Do we have any watchers of George Gently out there? Martin Shaw looks as if he has been diagnosed with MS.  Not the same disease as Parky but with some similarities.  It will be interesting to see how it develops.

So keep doing your thing

Love hearing from you

Cheers 


#16

Hi,

My current thing is walking (I have my own style).
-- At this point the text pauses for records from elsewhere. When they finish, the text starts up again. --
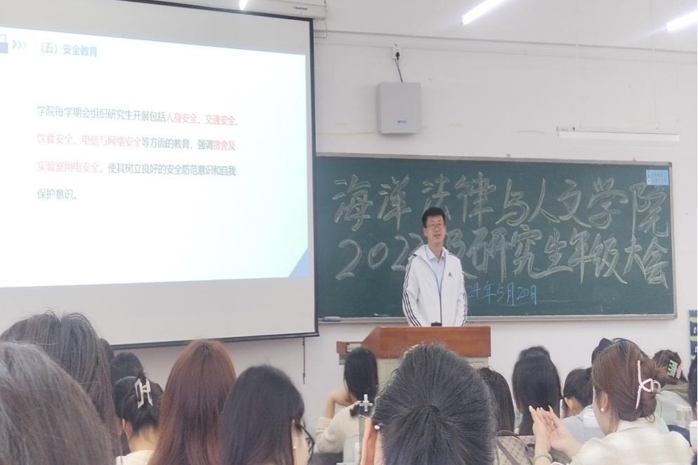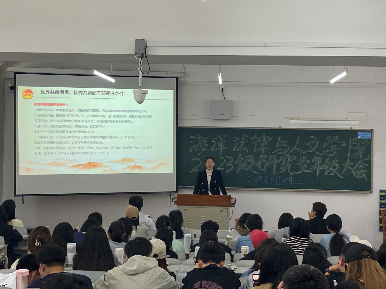 5月20日下午,51吃瓜网 在獐子岛431教室召开2023级研究生年级大会。51吃瓜网 副院长曲亚囡、纪委书记蔺妍、教学秘书刘笑晨、辅导员杨学钱、张曼群以及2023级研究生参加会议。
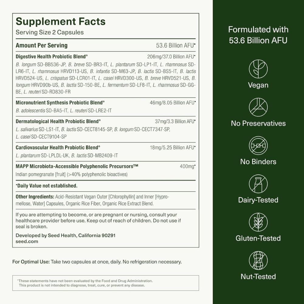 Seed DS-01 Daily Synbiotic is manufactured using a proprietary ViaCap technology, which ensures the survival of probiotics through stomach acid and digestive enzymes. This innovative technology guarantees that the probiotics reach the intestines intact, where they can provide maximum benefit. The product is also vegan-friendly, gluten-free, and free from common allergens, making it suitable for a wide range of dietary needs. Seed adheres to strict quality control measures, including third-party testing for potency, purity, and contaminants, ensuring that each capsule delivers the highest quality and efficacy.
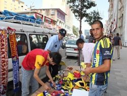 Erzurum’da Süper Kupa maçı öncesinde Cumhuriyet Caddesi üzerinde açtıkları tezgahlarda Fenerbahçe ve Galatasaray Spor Kulüplerinin forma, bayrak ve flamalarını satan işportacıların tezgahları zabıta ekiplerince toplandı.
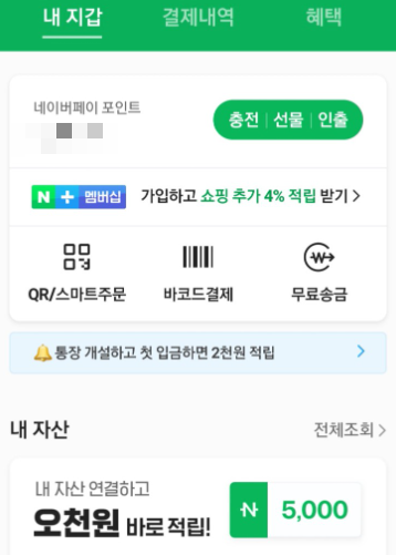 네이버페이 계좌연결 및 최소금액
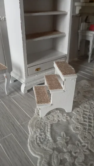 Incantevole scaletta decorativa a ripiani in miniatura (scala 1:12). Realizzata artigianalmente in legno bianco con finitura Shabby Chic invecchiata. Perfetta, aggiunge profondità e realismo a ogni ambiente della tua casa delle bambole o diorama. Un pezzo versatile e ricercato per collezionisti che amano il dettaglio romantico e lo stile provenzale. Alta qualità fatta a mano. (Vedi profilo per mobili coordinati). #dollhouse #miniaturas #shabbychic #estanteria #escalera #casitademuñecas #mueblesmuñecas #miniature112 #vintage #handmade #hechoamano #casadellebambole
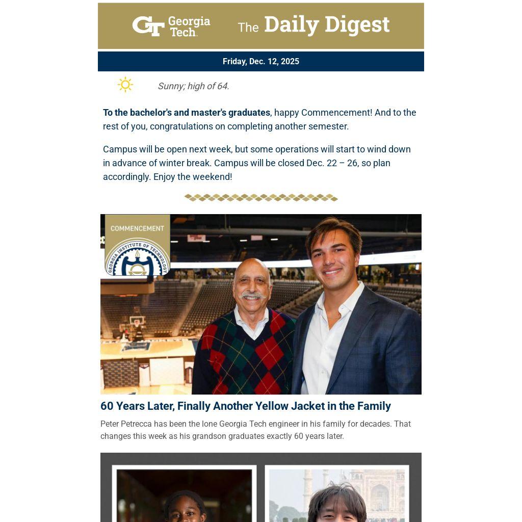 Peter Petrecca has been the lone Georgia Tech engineer in his family for decades. That changes this week as his grandson graduates exactly 60 years later.
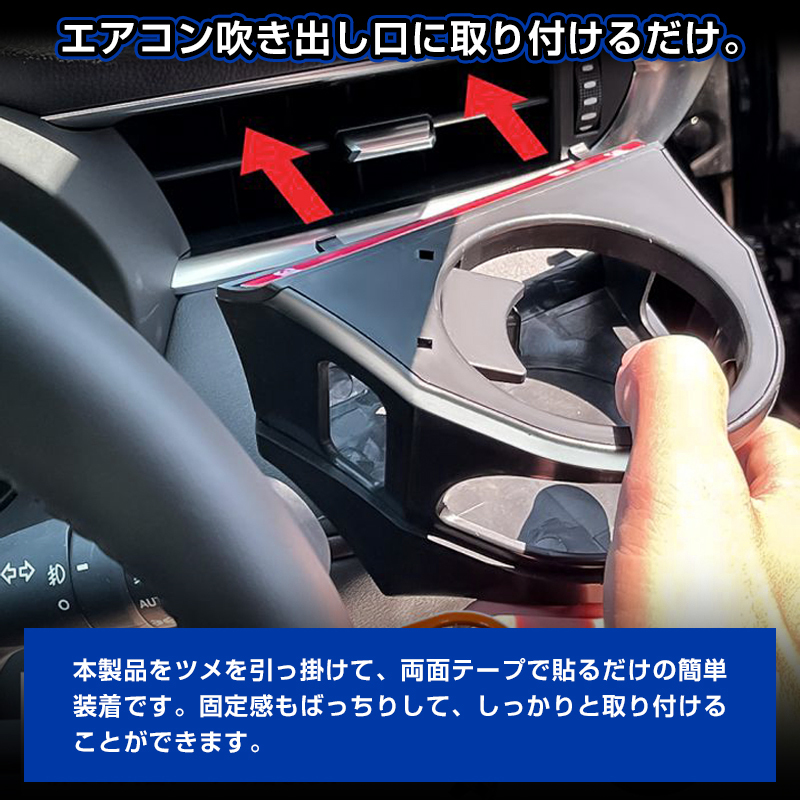 | 商品説明 | エアコン吹き出し口に取り付けるだけ。 飲みかけのドリンクもすっぽり収納できて便利です。 容器のサイズや形状に合わせて無階段調整可能な「スライドワォール」を採用する。 高品質ABS素材を採用しておりますので。剛性と耐久性も優れています。 滑り止めの両面テープ付きでカタカタ音を防ぎます。

Colouring within the lines and a volunteer committee member for a youth club.  I have tried knitting but when I gave my niece the finished article she asked 'what's that?'!!! I had to agree with her.
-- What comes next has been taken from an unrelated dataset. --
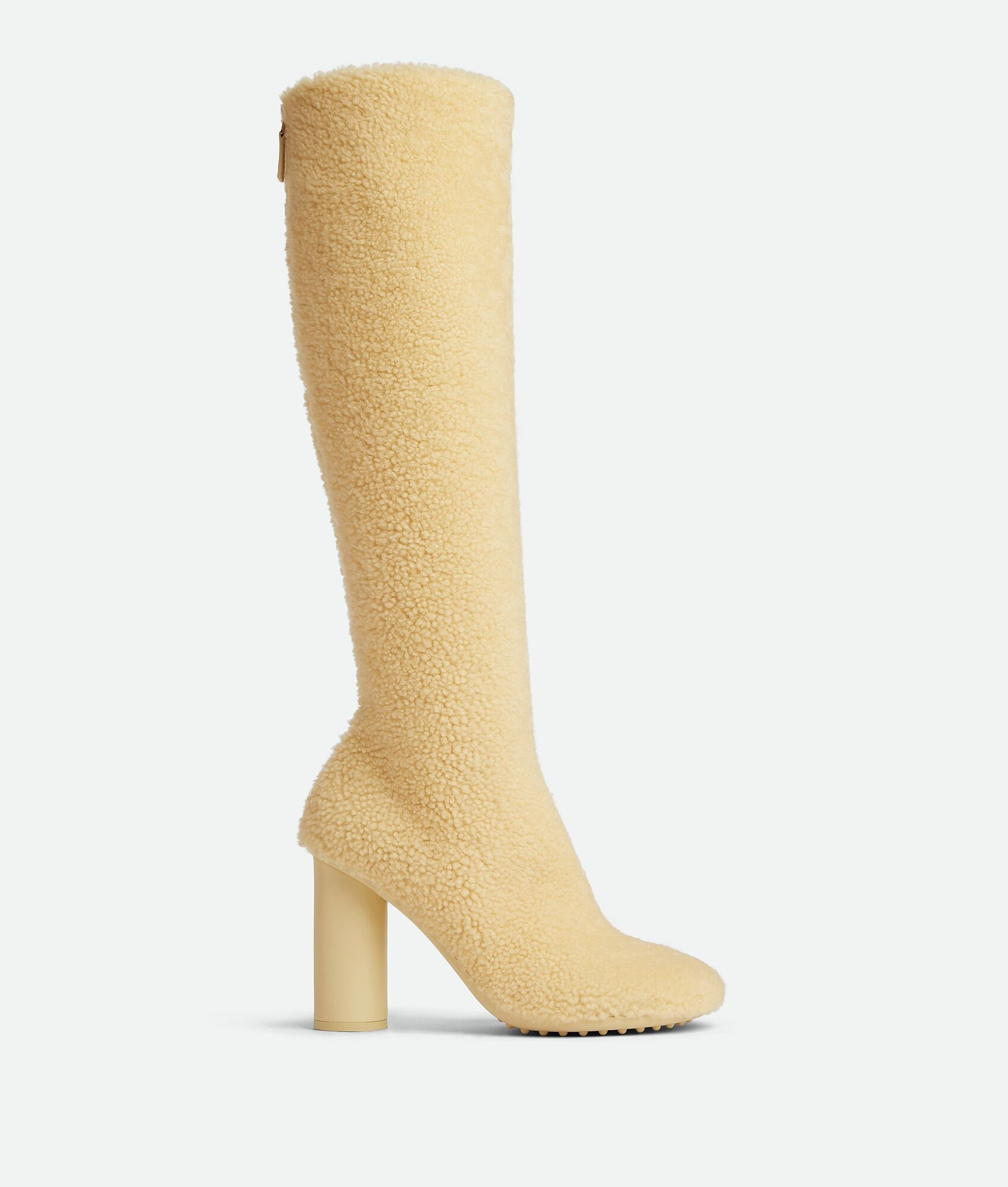 Shearling knee-high boots. Product details • Shearling knee-high boots Material: 100% Lambskin • Lining: Lambskin • Color: Beige • Lugged bio-based rubber outsole • Heel: 9 cm | 3.5" Made in: Italy
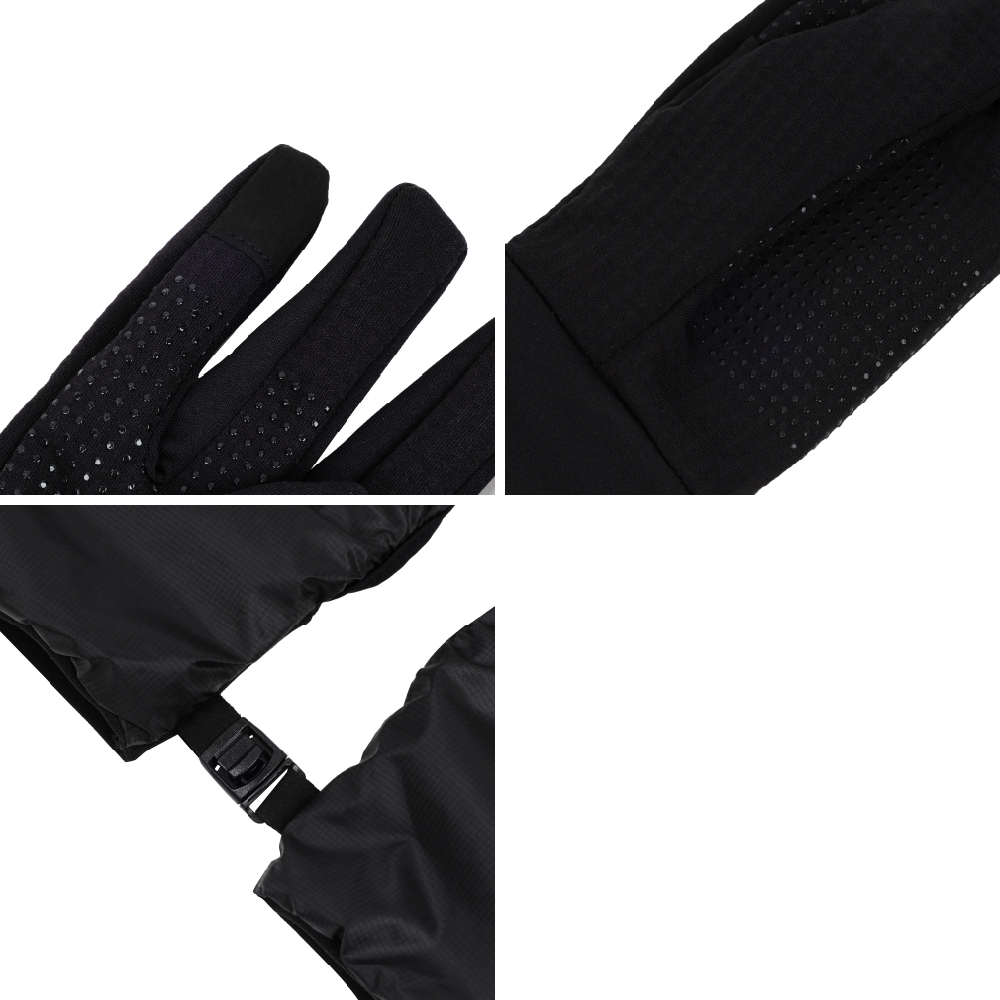 얇은 나일론 소재 소프트쉘로 손을 감싸 열 손실을 감소시켜 영하로 떨어지는 겨울철 아웃도어 액티비티에서도 적절한 보온성을 유지시켜주는 러닝 장갑 Connector Buckle – 두 짝을 하나로 이어주는 버클 Membrane Technology – 멤브레인 기술이 적용된 소재 Printing Details – ARC™ 로고 및 슬로건 프린팅 Windproof & DWR – 방풍 및 발수 2 Way Mitts Design – 벙어리(미트) 장갑과 일반 장갑 두 가지 스타일로 활용 가능한 장갑 Packable Soft-Shell on Wristband – 손목밴드에 접어서 보관이 가능한 소프트쉘 SmartTouch Pannel – 기민한 반응성의 스마트터치 패널 Anti-Slip Silicone Nubs – 손바닥 부위 미끄럼방지 실리콘 돌기

I am also having a go at mindful meditation. 

Hope Martin Shaw has slow progression, wasn't he in the Professionals', with his 80's perm we could have been twins!

Friday night is wine night, chin,chin x

 


#17

Good morning - I too am recently diagnosed.  My mobility is still pretty good and my worst symptoms are internal tremors, so nobody tends to realise I have PD.  I therefore wear one of the blue wrist bands from the Parkinson's Society just in case I need help at any time.  I have found that, despite feeling pretty grim, actually knowing for a fact what is wrong with me is half the battle and helps put me on top of things - most of the time!  I hope you are getting on OK.

 


#18

Yes, love George Gently and all things Martin Shaw.  I did wonder that, as the first episode in this series was aired in Parkinson's Awareness Week, he was going to have PD.  I believe though that MS does have similarities.


#19

I have nursed people with Parkinsons and Ms and in someways they are not similar.  People usually complain of dragging a leg, feeling tired and depressed and it occurs when they are young.  Then the symptoms disappear they then get back to a normal life only to be inflicted in later years.  I suppose you could call it a remission.  That does not seem to be the case with George.  They usually have a normal life expectancy and die from something else eg pneumonia.  The other thing that has been noted is that they are very introverted and selfish but hey, who can blame them.  Does that help.

Lovely reading the posts

Havent been on for a whilered face


#20

Hi, everyone --

I haven't been on for a while either.  A few days ago I returned from a 24-day trip: first a river cruise through Belgium and the Netherlands, then a tour of gardens in Oxfordshire.  It was a grand journey, and I was so pleased that my health held up and that all the walking did not tire me.  While PD remains stuck in the first stage, I am going to do as much travelling as I can.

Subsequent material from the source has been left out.